# What is needed
Beginning with the line that contains "オーブン ○ / IH ○ |" in the material below, print each line exactly until the line that contains "17、北京刑事辩护律师赵瑞祥辩护高某某非法吸收公众存款案" has been printed, then stop.
*** Record set ***
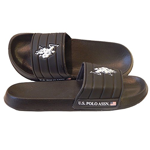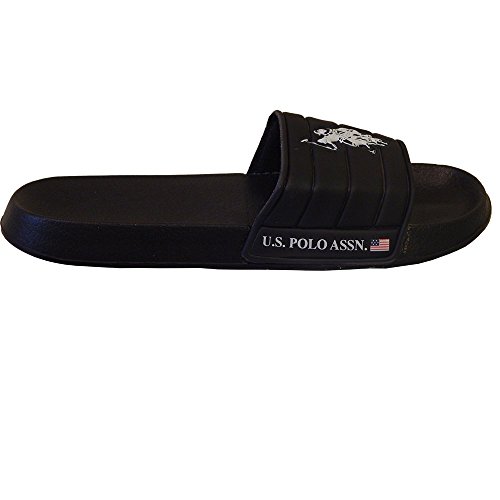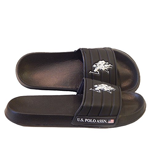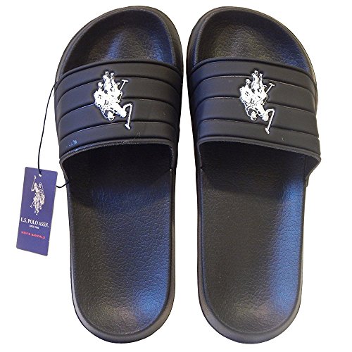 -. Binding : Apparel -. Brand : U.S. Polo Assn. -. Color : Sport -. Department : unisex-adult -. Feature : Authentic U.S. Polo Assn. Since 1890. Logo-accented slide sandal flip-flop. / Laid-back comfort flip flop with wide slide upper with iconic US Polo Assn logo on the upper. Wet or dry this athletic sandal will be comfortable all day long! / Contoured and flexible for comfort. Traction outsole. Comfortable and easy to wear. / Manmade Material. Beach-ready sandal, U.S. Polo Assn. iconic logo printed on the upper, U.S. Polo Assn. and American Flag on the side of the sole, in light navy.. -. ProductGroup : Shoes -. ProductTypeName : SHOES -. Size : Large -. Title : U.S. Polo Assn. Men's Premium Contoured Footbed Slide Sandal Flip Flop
*** End of Record set ***
*** Record set ***
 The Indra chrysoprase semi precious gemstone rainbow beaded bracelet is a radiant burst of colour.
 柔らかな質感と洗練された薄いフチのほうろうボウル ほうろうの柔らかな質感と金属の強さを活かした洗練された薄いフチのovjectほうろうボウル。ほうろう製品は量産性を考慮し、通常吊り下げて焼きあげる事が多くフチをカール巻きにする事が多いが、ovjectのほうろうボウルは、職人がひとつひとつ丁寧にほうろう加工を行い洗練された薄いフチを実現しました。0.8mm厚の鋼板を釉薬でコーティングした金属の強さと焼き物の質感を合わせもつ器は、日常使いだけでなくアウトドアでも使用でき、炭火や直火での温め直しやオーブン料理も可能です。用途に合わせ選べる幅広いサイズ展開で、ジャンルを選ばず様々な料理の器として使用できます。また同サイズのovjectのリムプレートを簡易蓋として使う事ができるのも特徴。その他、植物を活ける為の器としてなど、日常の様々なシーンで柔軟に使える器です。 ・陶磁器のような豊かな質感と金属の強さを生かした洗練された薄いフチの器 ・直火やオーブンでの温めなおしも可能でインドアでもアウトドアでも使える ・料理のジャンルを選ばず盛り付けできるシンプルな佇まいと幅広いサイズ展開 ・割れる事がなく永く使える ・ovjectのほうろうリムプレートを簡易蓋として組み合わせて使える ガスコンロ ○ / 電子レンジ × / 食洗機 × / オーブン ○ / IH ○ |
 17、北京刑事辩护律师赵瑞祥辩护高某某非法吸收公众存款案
*** End of Record set ***
# Solution for this exercise
 柔らかな質感と洗練された薄いフチのほうろうボウル ほうろうの柔らかな質感と金属の強さを活かした洗練された薄いフチのovjectほうろうボウル。ほうろう製品は量産性を考慮し、通常吊り下げて焼きあげる事が多くフチをカール巻きにする事が多いが、ovjectのほうろうボウルは、職人がひとつひとつ丁寧にほうろう加工を行い洗練された薄いフチを実現しました。0.8mm厚の鋼板を釉薬でコーティングした金属の強さと焼き物の質感を合わせもつ器は、日常使いだけでなくアウトドアでも使用でき、炭火や直火での温め直しやオーブン料理も可能です。用途に合わせ選べる幅広いサイズ展開で、ジャンルを選ばず様々な料理の器として使用できます。また同サイズのovjectのリムプレートを簡易蓋として使う事ができるのも特徴。その他、植物を活ける為の器としてなど、日常の様々なシーンで柔軟に使える器です。 ・陶磁器のような豊かな質感と金属の強さを生かした洗練された薄いフチの器 ・直火やオーブンでの温めなおしも可能でインドアでもアウトドアでも使える ・料理のジャンルを選ばず盛り付けできるシンプルな佇まいと幅広いサイズ展開 ・割れる事がなく永く使える ・ovjectのほうろうリムプレートを簡易蓋として組み合わせて使える ガスコンロ ○ / 電子レンジ × / 食洗機 × / オーブン ○ / IH ○ |
 17、北京刑事辩护律师赵瑞祥辩护高某某非法吸收公众存款案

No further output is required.